One of the current outputs of IMRANDD’s analytics software is that it identifies gaps in datasets in addition to predicting failures and identifying potential savings. These gaps can be viewed as blind spots. Identifying them is a good step in itself, which is moving from “unknown unknowns” to “known unknowns.”

Gaining access to real-time data
Most operators have been collecting real-time data on asset operations for decades through sources such as sensors, production and chemical data, to name a few, but not actually using it in real time. However, recent advancements in data collection and analysis make this new Holy Grail of event-driven inspection possible.
All in all, it is fair to say there is room for improvement in what is currently one of the most common integrity management processes used in heavy industries.
First, the ability to use additional real-time datasets captured by different departments make predictive modeling more targeted and build up a better, more accurate and holistic view of an asset’s condition.

Secondly, data no longer need to be manually curated before an onshore engineer attempts to try to interpret the detail. Instead, data are being screened, analyzed and validated continuously, providing the timeliest view of an asset’s integrity and substantially reducing time to implement asset management decisions.

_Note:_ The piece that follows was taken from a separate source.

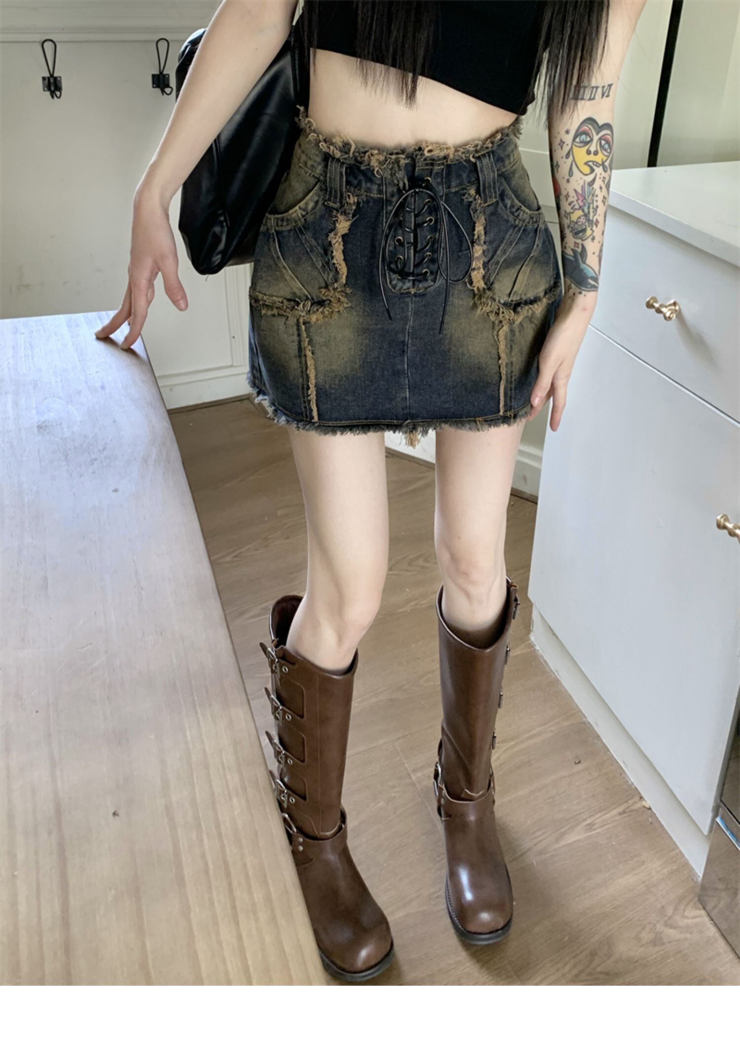 ハイウエストとレースアップが映える自然な台形デザインが女性らしさを引き立てます。

Finally, new software exists that can build complex models and analyze data separately helping to eradicate human bias entirely. Moreover, this approach does not require any hardware, simply an ability to think differently about the types of data from an asset that could be used to provide insights for the integrity management team.

Confidence in greater volumes
This last development is particularly important for event-driven inspection where the ability to handle large volumes of data seamlessly and sort errors from genuine data variations is a prerequisite for having confidence in recommendations. While many variations can be legitimately disregarded—be they from human error, a poorly calibrated kit or prevailing conditions—a handful will be legitimate indicators of failure. Operators need to be certain of which data can be excluded, which inconsistencies require further investigation and where gaps lie.

IMRANDD’s forthcoming AIDA MAX will be one of the digital asset management solutions that can do just that, using machine learning to assist the build of its asset degradation models to power event-driven inspection. Built for engineers, by engineers, the new analytics software will bring critical, real-time or near-real-time insights to complement existing human checks and balances.

With this technology, data variations are separated out from the normal ranges to be analyzed with more scrutiny and eventually reincluded in models. Furthermore, given the volumes of data being handled, AIDA MAX will be able to identify and treat many data variations automatically without an engineer’s intervention.

As example, where the data show pipe X’s process conditions have changed, the model is then updated with this new information, changing the degradation model that now indicates a likely failure prior to the next planned intervention. The plan is updated based on this new leading indicator, which in turn informs the integrity team to inspect the affected area sooner.

While using historic data to make quantitative assessments has been a staple method for asset integrity management for some time, the benefits of utilizing real-time data are undeniable, and the insights harnessed continue to improve rapidly in line with the industry’s growing digital capabilities. Operators stand to gain a more holistic view of their plant’s operations and condition as well as greater confidence in their asset integrity management. Ultimately, this will lead us to adopt event-driven integrity and inspection where continuously updated degradation models allow operators to precisely predict integrity and make stronger commercial decisions.